6. In between which years did power take off was introduced?
a) 1975-1979
b) 1992-1996
c) 1999-2003
d) 1915-1919
Discussion
Explanation: Experimental power take offs were tried as early as 1878, and various homemade versions arose over the subsequent decades. International harvester company was first to market with a PTO on production tractor, with its model 8-16 introduced in 1918.
7. In between which years did hydraulic controls and three-point linkage were developed?
a) 1989-1993
b) 1947-1951
c) 1937-1941
d) 1920-1924
Discussion
Explanation: Harry Ferguson patented the three-point linkage for agricultural tractors in Britain in 1926. He and his colleagues continued to developed several innovations to this device which made the system workable, effective, desirable. In 1938, after almost two decades of trying to sell Henry Ford on using Ferguson’s system on tractors mass-produced by Ford, Ferguson finally convinced Ford. The American mass market debut was via the Ford Ferguson 9N in 1939.

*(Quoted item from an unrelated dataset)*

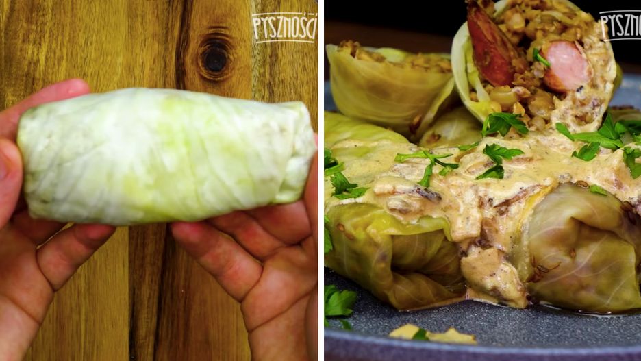 Oto kolejny pomysł na pyszne gołąbki. Tym razem ukryliśmy w nich kaszę oraz kiełbaski!

8. If the inner and outer steering angle in a tractor are 9° and 9.8° respectively then for correct steering conditioning the value of the ratio of pivot axis spacing to track length is equal to ______
a) 0.256
b) 0.525
c) 0.990
d) 0.756
Discussion
Explanation:θ = 9.8°
Φ = 9.0°
We know that,
Cot θ – Cot Φ = \(\frac{c}{b} \)
-Cot (9.8) + Cot 9 = \(\frac{c}{b} \)
-5.789 + 6.314 = \(\frac{c}{b} \)
\(\frac{c}{b}\) = 0.525.
9. While turning a 4-wheel tractor equipped with the Ackermann steering mechanism the axis of the inner front wheel makes an angle of 45°, whereas the angle made by the axis of the outer front wheel is 30° with horizontal line parallel to the front axle. The kingpins of the axle are 1300 mm apart. The spindle genths are essentially zero. What should be the wheel base of the tractor if there is no slippage of any of the wheels?
a) 1886.78 mm
b) 1775.83 mm
c) 1336.59 mm
d) 2000.01 mm
Discussion
Explanation: Cot θ – Cot Φ = \(\frac{c}{b} \)
Cot30° – Cot45° = \(\frac{c}{b} \)
b = \(\frac{1300}{Cot30° – Cot45°} \)
b = 1775.83mm.
10. A 2-wheel drive 35hp tractor has 1.5 rear wheel diameter. The engine runs at 1200 rev/min. the total reduction of speed is 30:1. Find the travelling speed of the tractor in km/h and the tractive force at each driving wheel.
a) 3.9925 KN
b) 2.1992 KN
c) 1.6784 KN
d) 4.1977 KN
Discussion
Explanation: Va = \(\frac{2πN*Dr*60}{2*30*1000}=\frac{2\pi*1.5*60*1200}{2*30*1000}\)=11.304
Va = 3.11 m/s
P = F * v
F = \(\frac{P}{v}=\frac{35*746}{3.11}\)=8.3955 KN
Therefore, force on each wheel = \(\frac{8.3955}{2}\)=4.1977.